WHAT THIS TASK INVOLVES. Repeat the data that follows exactly, starting at the line with "- LDK12.5帖、洋室6.5帖、洋室6帖、和室6帖" and ending at the line with "Комплект: шиномонтажный станок", and leave out every picture.

EXCERPTED RECORDS.
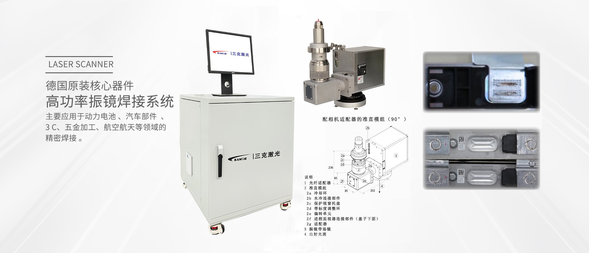 Company Profile上海三克激光科技有限公司成立于2005年,是激光智能智造行業(yè)的高新技術(shù)及上海市級(jí)專(zhuān)精特新企業(yè)。總部及研發(fā)中心位于國(guó)家級(jí)產(chǎn)業(yè)園G60科創(chuàng)走廊的起點(diǎn)——松江漕河涇科技綠洲,并在北京、深圳設(shè)有分支機(jī)構(gòu),主要產(chǎn)品包括:鋰電自動(dòng)化焊接系統(tǒng)、太陽(yáng)能光伏激光切割系統(tǒng)、高速激光清洗系統(tǒng)、精密激光微加工系統(tǒng)、激光打孔系統(tǒng)、激光打標(biāo)系統(tǒng)、激光劃片及非標(biāo)自動(dòng)化設(shè)備的定制。
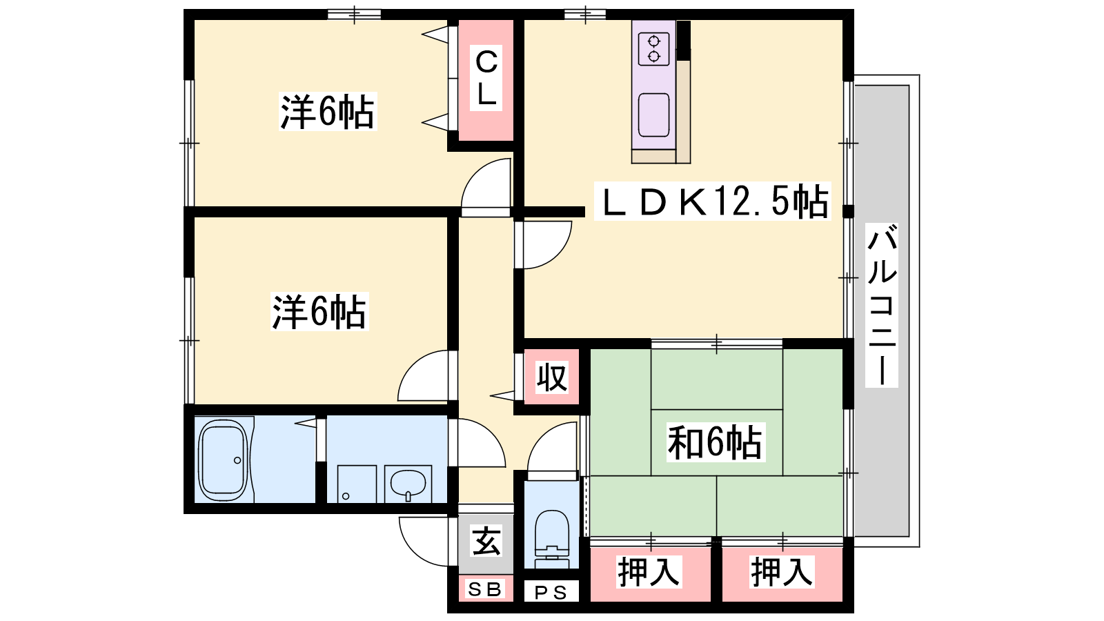 - LDK12.5帖、洋室6.5帖、洋室6帖、和室6帖
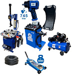 Комплект: шиномонтажный станок TS-21 для дисков: внешний 11÷20” + пистолет с манометром для подкачки шин + монтажка + пластиковые накладки на зажимные кулачки + регулятор давления с влагоотделителем и манометром. + TS-500 балансировочный станок с автозапуском, для колес легковых автомобилей и легких грузовиков, диаметр диска с резиной до 760 мм. размеры диска: ширина 3"–9” (76-228 мм), диаметр диска 10"–21” (254-533 мм). + кожух защитный + клещи + кронциркуль + быстрозажимная гайка + набор конусов + подкатной домкрат г/п 3,0т. 130-465мм. + ударный пневмогайковерт 1/2" крутящий момент 745Нм + шланг кислородный 9мм 20Атм. 10м
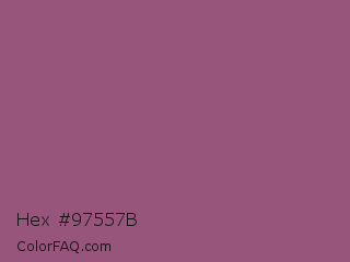 Hex #97557b Color is a normal magenta color and the nearest color is Sugar Plum #914e75. Hex code #97557b and RGB value is rgb(151,85,123). In RGB color space, this color is composed of 59% red, 33% green, 48% blue, In CMYK color space, this color is composed of 0% cyan, 44% magenta, 19% yellow , 41% black , In HSL color space, this color has a hue angle of 325° , 28% saturation and 46% lightness.
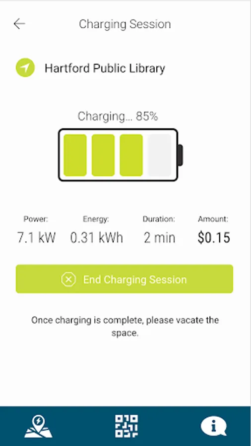 The user can scan a connector’s QR code at a given location and the app will automatically navigate to the “Start Session” page for the appropriate connector.
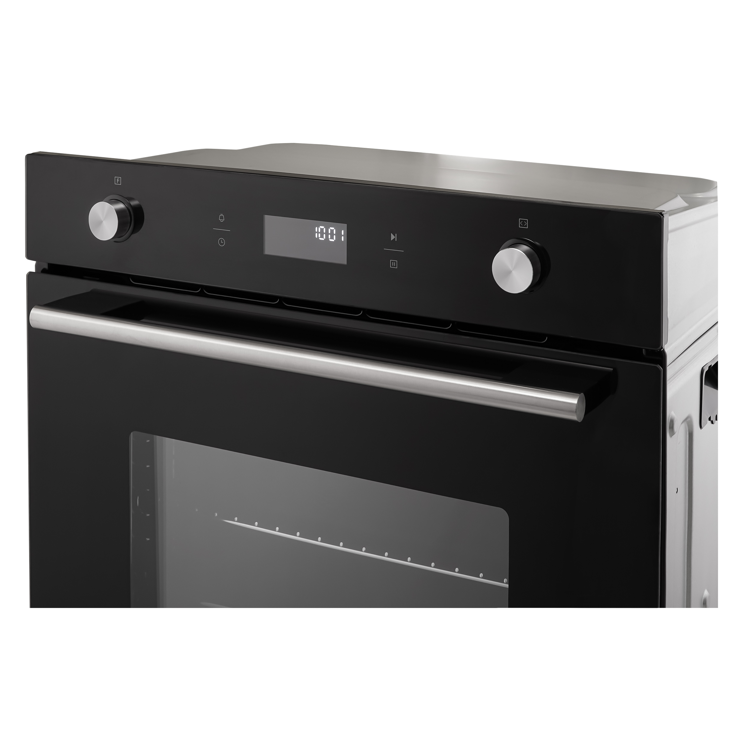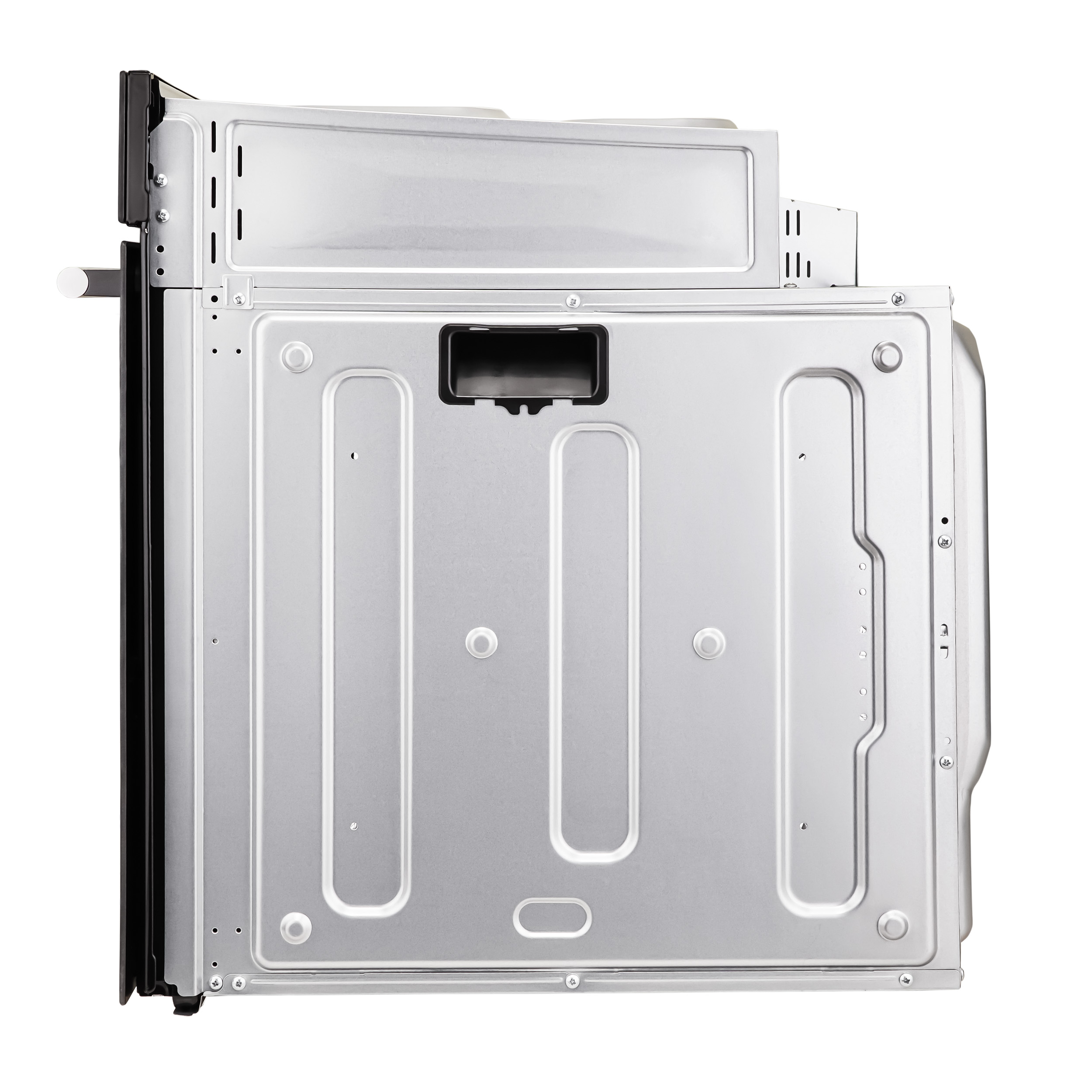 Электрический духовой шкаф встраиваемый полноразмерный, 60 см, 9 режимов, объем духовки 70л, утапливаемые переключатели, большой дисплей Snow White, хромированные боковые решетки, телескопические направляющие 1 уровнь, панель управления - черное стекло, универсальный противень, решетка-гриль, тройное стекло дверцы, легко-съемное большое внутреннее стекло Full Glass, защитное отключение, охлаждающий вентилятор, электронный таймер 9 часов, 595х575х595 мм.
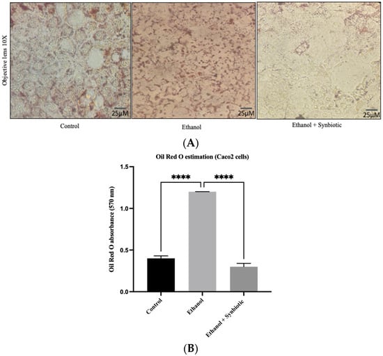 (A) Oil Red O-stained Caco-2 cells. Compared to the control group, the accumulation of lipids in Caco-2 cells increased in the ethanol group but was reduced significantly by synbiotic treatment at 100X. (B) Graphical representation of the Oil red O absorbance. The statistical analysis was calculated as mentioned in Section 2.10, **** p < 0.0001.
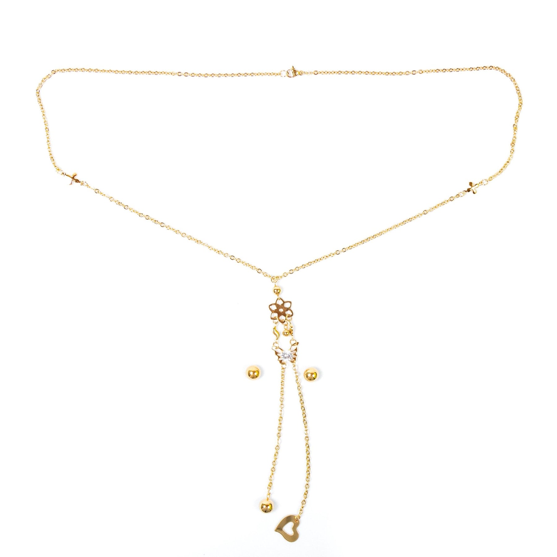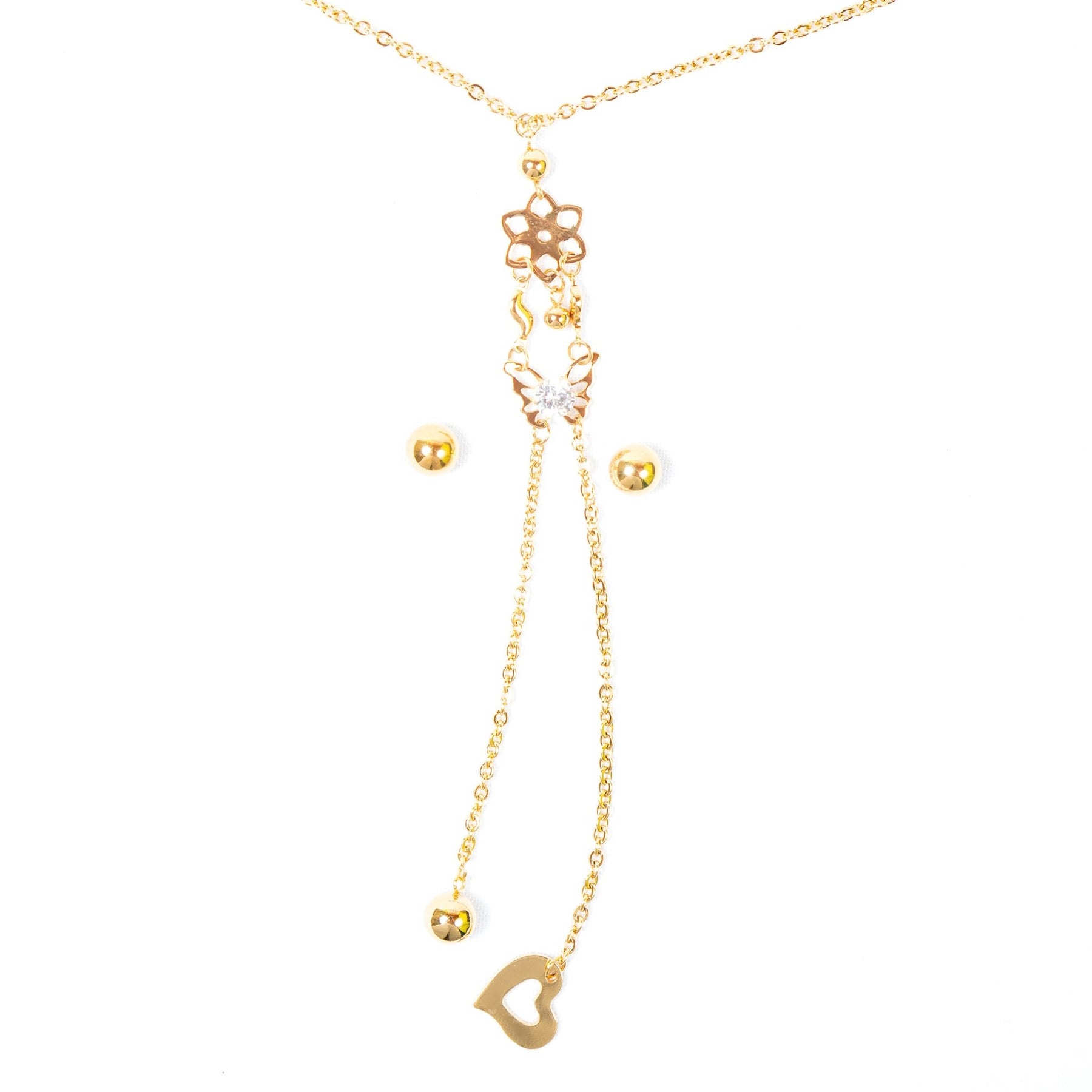 Cadena larga de acero inoxidable larga de 70cm, incluye aretes de bola.
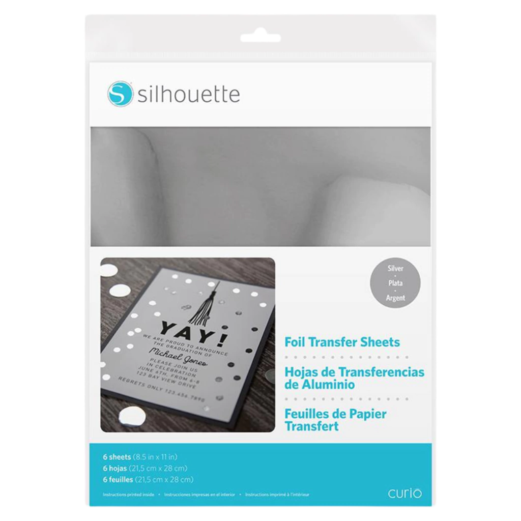 Use folhas de transferência de foil para colocar imagens e letras de foil em suas superfícies de projeto. As folhas de transferência de foil simplesmente ficam sobre a superfície do material e são então passadas pela Silhouette com uma ferramenta de embossing. Onde quer que a ferramenta de embossing pressione, seu foil é transferido permanentemente, como uma grande folha de transferência. Basta adicionar pressão e pronto! Projetos fáceis e bonitos são criados enquanto você se diverte.
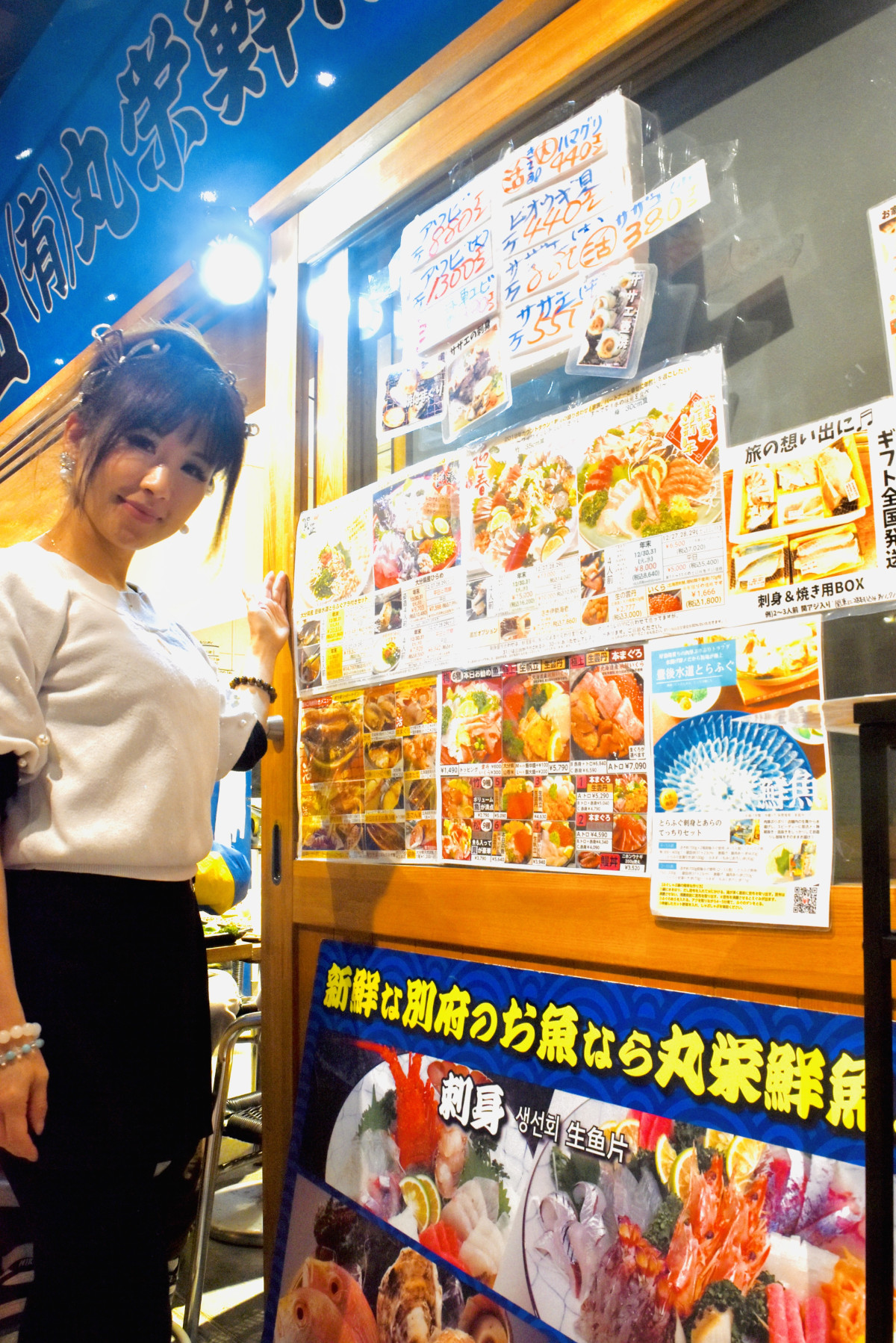 【「丸栄鮮魚」では県産魚の刺身の盛り合わせなどが人気】店を切り盛りする安田愛さんは「関アジ、関サバ、佐伯市特産のヒオウギ貝など地元の海鮮を味わってほしい。予約は早めに」と呼びかける

EXERCISE RESULT.
 - LDK12.5帖、洋室6.5帖、洋室6帖、和室6帖
 Комплект: шиномонтажный станок TS-21 для дисков: внешний 11÷20” + пистолет с манометром для подкачки шин + монтажка + пластиковые накладки на зажимные кулачки + регулятор давления с влагоотделителем и манометром. + TS-500 балансировочный станок с автозапуском, для колес легковых автомобилей и легких грузовиков, диаметр диска с резиной до 760 мм. размеры диска: ширина 3"–9” (76-228 мм), диаметр диска 10"–21” (254-533 мм). + кожух защитный + клещи + кронциркуль + быстрозажимная гайка + набор конусов + подкатной домкрат г/п 3,0т. 130-465мм. + ударный пневмогайковерт 1/2" крутящий момент 745Нм + шланг кислородный 9мм 20Атм. 10м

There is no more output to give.